YOUR TASK » Pictures do not belong in your copy. Repeat all the other data exactly.

SUPPLIED MATERIAL »
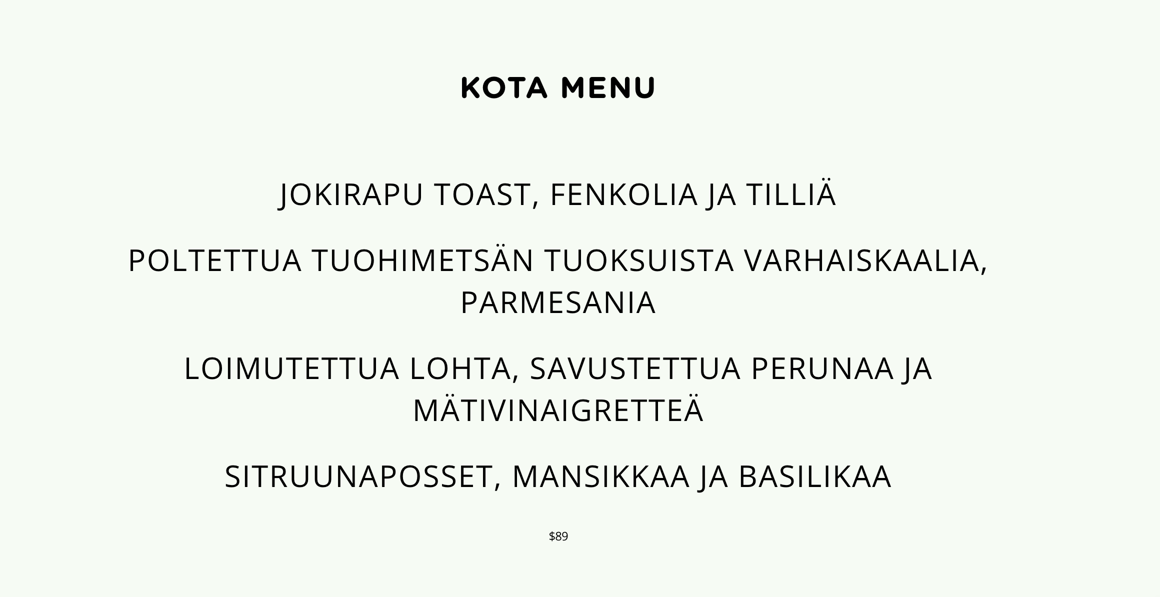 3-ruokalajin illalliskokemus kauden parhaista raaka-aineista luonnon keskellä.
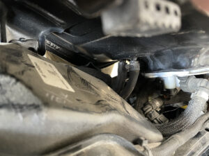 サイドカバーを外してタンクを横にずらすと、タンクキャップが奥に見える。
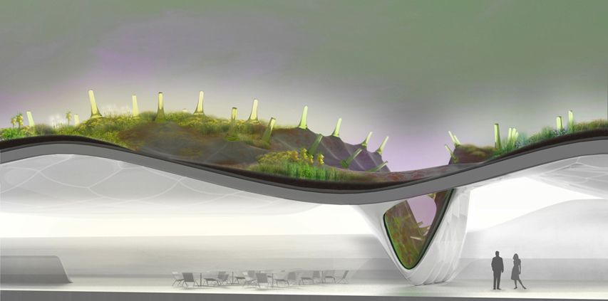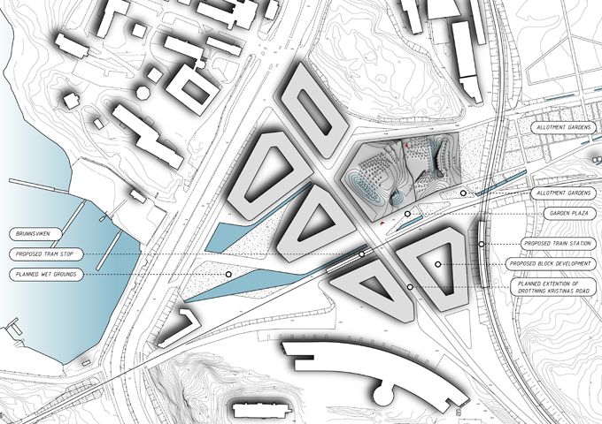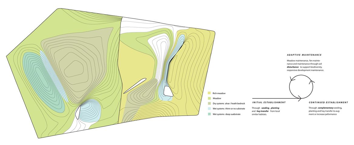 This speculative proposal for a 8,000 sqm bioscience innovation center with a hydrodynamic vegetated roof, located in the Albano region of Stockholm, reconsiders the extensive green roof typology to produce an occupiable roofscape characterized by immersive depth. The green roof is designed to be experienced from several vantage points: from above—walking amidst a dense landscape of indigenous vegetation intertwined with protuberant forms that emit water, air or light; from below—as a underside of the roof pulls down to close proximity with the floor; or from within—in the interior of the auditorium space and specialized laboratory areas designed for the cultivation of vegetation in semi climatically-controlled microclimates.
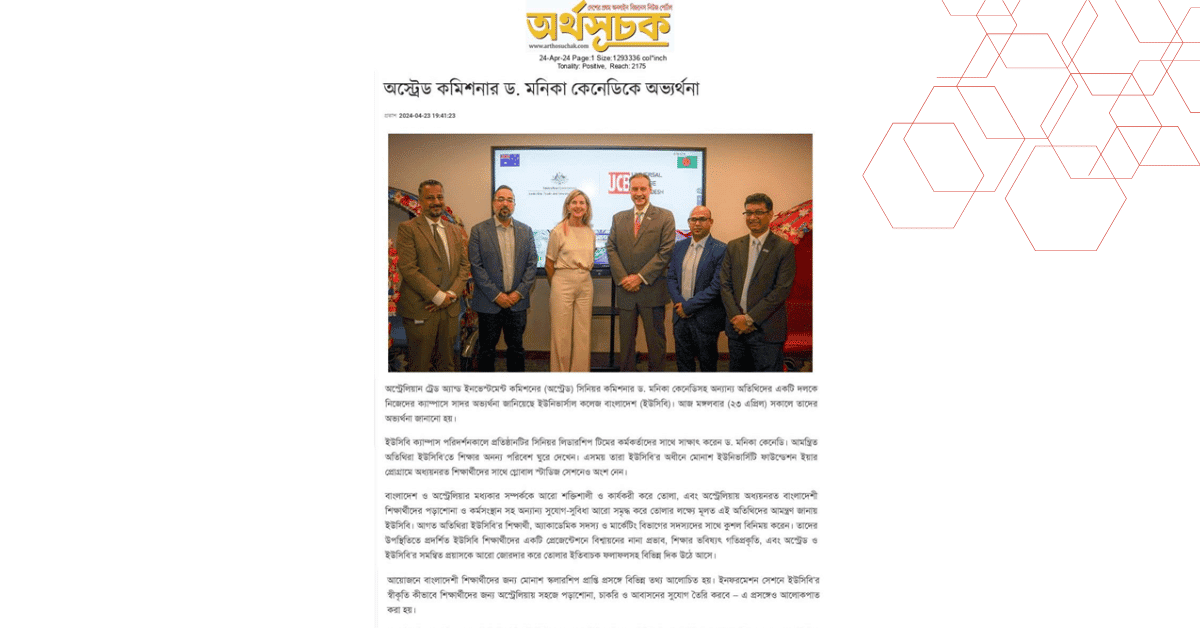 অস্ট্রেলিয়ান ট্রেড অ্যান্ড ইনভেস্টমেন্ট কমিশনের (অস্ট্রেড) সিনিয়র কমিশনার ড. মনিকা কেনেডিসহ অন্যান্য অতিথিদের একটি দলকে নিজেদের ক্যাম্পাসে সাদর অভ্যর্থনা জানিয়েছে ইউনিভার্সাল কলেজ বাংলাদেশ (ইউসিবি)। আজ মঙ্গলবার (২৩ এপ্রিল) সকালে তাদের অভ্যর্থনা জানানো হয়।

ANSWER TO THIS TASK »
 3-ruokalajin illalliskokemus kauden parhaista raaka-aineista luonnon keskellä.
 サイドカバーを外してタンクを横にずらすと、タンクキャップが奥に見える。
 This speculative proposal for a 8,000 sqm bioscience innovation center with a hydrodynamic vegetated roof, located in the Albano region of Stockholm, reconsiders the extensive green roof typology to produce an occupiable roofscape characterized by immersive depth. The green roof is designed to be experienced from several vantage points: from above—walking amidst a dense landscape of indigenous vegetation intertwined with protuberant forms that emit water, air or light; from below—as a underside of the roof pulls down to close proximity with the floor; or from within—in the interior of the auditorium space and specialized laboratory areas designed for the cultivation of vegetation in semi climatically-controlled microclimates.
 অস্ট্রেলিয়ান ট্রেড অ্যান্ড ইনভেস্টমেন্ট কমিশনের (অস্ট্রেড) সিনিয়র কমিশনার ড. মনিকা কেনেডিসহ অন্যান্য অতিথিদের একটি দলকে নিজেদের ক্যাম্পাসে সাদর অভ্যর্থনা জানিয়েছে ইউনিভার্সাল কলেজ বাংলাদেশ (ইউসিবি)। আজ মঙ্গলবার (২৩ এপ্রিল) সকালে তাদের অভ্যর্থনা জানানো হয়।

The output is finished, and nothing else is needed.